## What is expected
Each line of the data must be given back verbatim, with pictures removed.

## Material provided
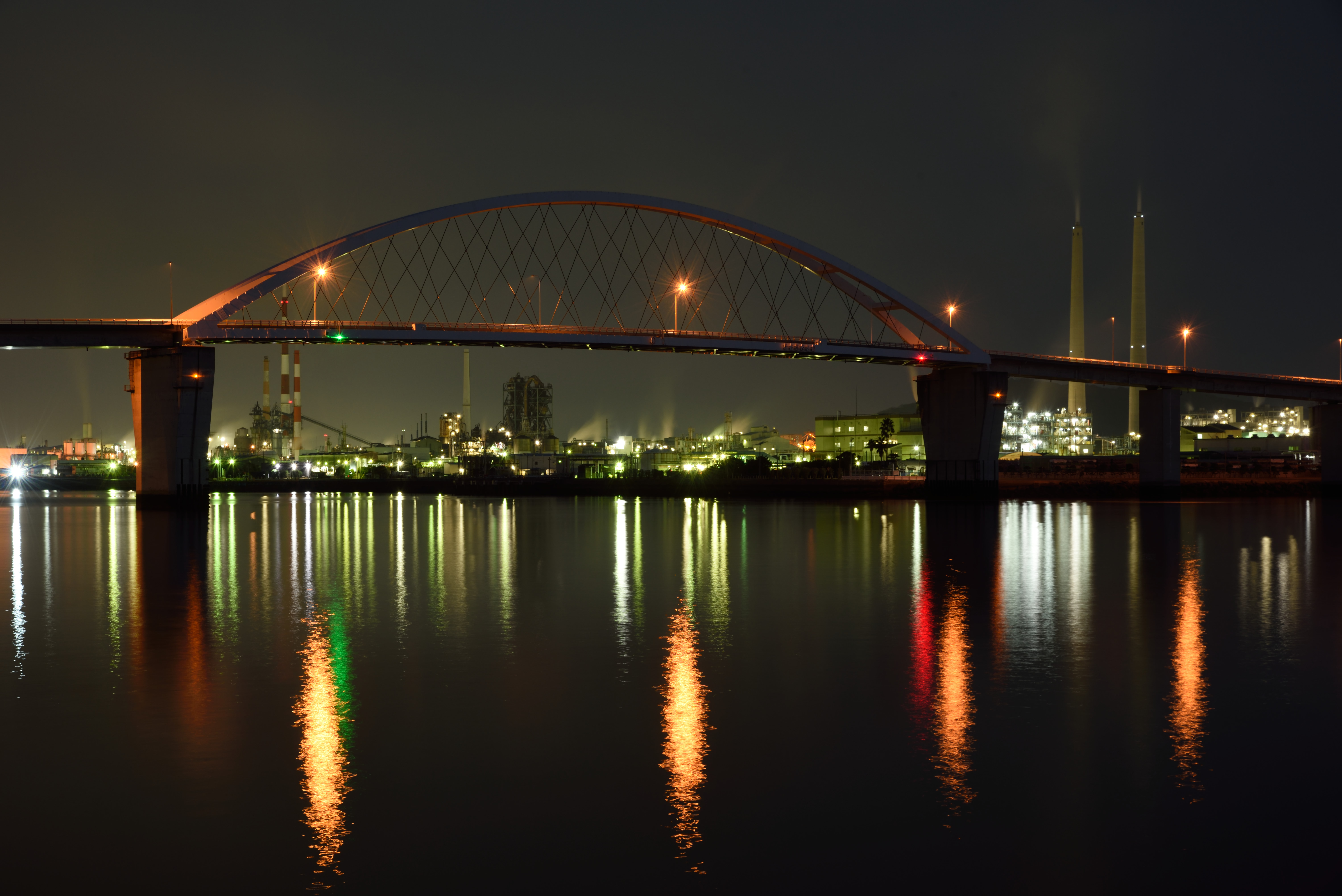 周南工場夜景 2017/3/30(9年前) 写真, 山口, 山陽 (2017年3月18日) 新幹線の車窓で見たときから来たかった周南で,工場夜景を撮ってきました.なお撮影に当たりこちらを参考にしました. 徳山のホテルで自転車を借り,福川駅近くまで行ってから撮りながら戻って来ました. こちらは周南大橋からの夜景.ここからの夜景が一番良かったです. 周南大橋を,福川漁港越しに. 富田川河口,(株)トクヤマの特徴的な2本並んだ煙突. 徳山港町の夜景. 晴海親水公園の夜景. 徳山駅の方です.
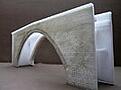 This is my first attempt. I even scribed the stonework onto one of the boards. Luckily, I only need to detail one side of the bridge. I then discovered the bridge arches I'd cut were way off. I tried to correct it, but to no avail.
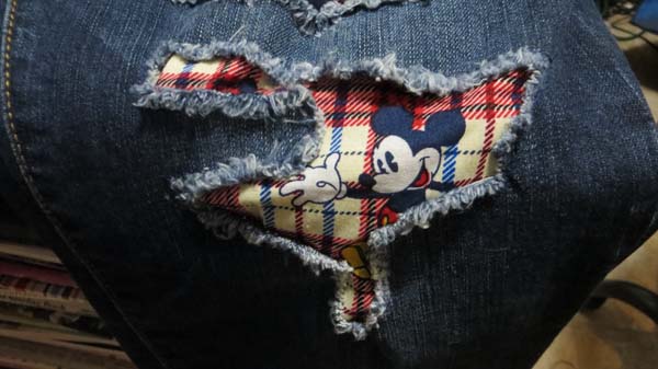Everyone is loves to have ripped denims, but now it's time to fill the ripped parts not with denim but a wide range of fabric. Fill this ripped areas with designs, patterns, fabrics or any other idea of your choice. If you do not have a ripped jeans then just take scissors to rip them off. Later, take the fabric that you want to attach with the denim and stitch it up.
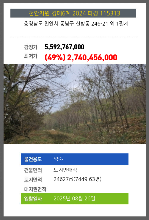 사건번호 2024 타경 115313 본건은 충청남도 천안시 동남구 신방동 246-21 외 1필지소재하는 임야경매 물건의 포스팅입니다. 건물면적 [ 토지만매각 ]토지면적 [ 24627㎡ (7449.63평) ] 시세를 반영한

## Written response
 周南工場夜景 2017/3/30(9年前) 写真, 山口, 山陽 (2017年3月18日) 新幹線の車窓で見たときから来たかった周南で,工場夜景を撮ってきました.なお撮影に当たりこちらを参考にしました. 徳山のホテルで自転車を借り,福川駅近くまで行ってから撮りながら戻って来ました. こちらは周南大橋からの夜景.ここからの夜景が一番良かったです. 周南大橋を,福川漁港越しに. 富田川河口,(株)トクヤマの特徴的な2本並んだ煙突. 徳山港町の夜景. 晴海親水公園の夜景. 徳山駅の方です.
 This is my first attempt. I even scribed the stonework onto one of the boards. Luckily, I only need to detail one side of the bridge. I then discovered the bridge arches I'd cut were way off. I tried to correct it, but to no avail.
Everyone is loves to have ripped denims, but now it's time to fill the ripped parts not with denim but a wide range of fabric. Fill this ripped areas with designs, patterns, fabrics or any other idea of your choice. If you do not have a ripped jeans then just take scissors to rip them off. Later, take the fabric that you want to attach with the denim and stitch it up.
 사건번호 2024 타경 115313 본건은 충청남도 천안시 동남구 신방동 246-21 외 1필지소재하는 임야경매 물건의 포스팅입니다. 건물면적 [ 토지만매각 ]토지면적 [ 24627㎡ (7449.63평) ] 시세를 반영한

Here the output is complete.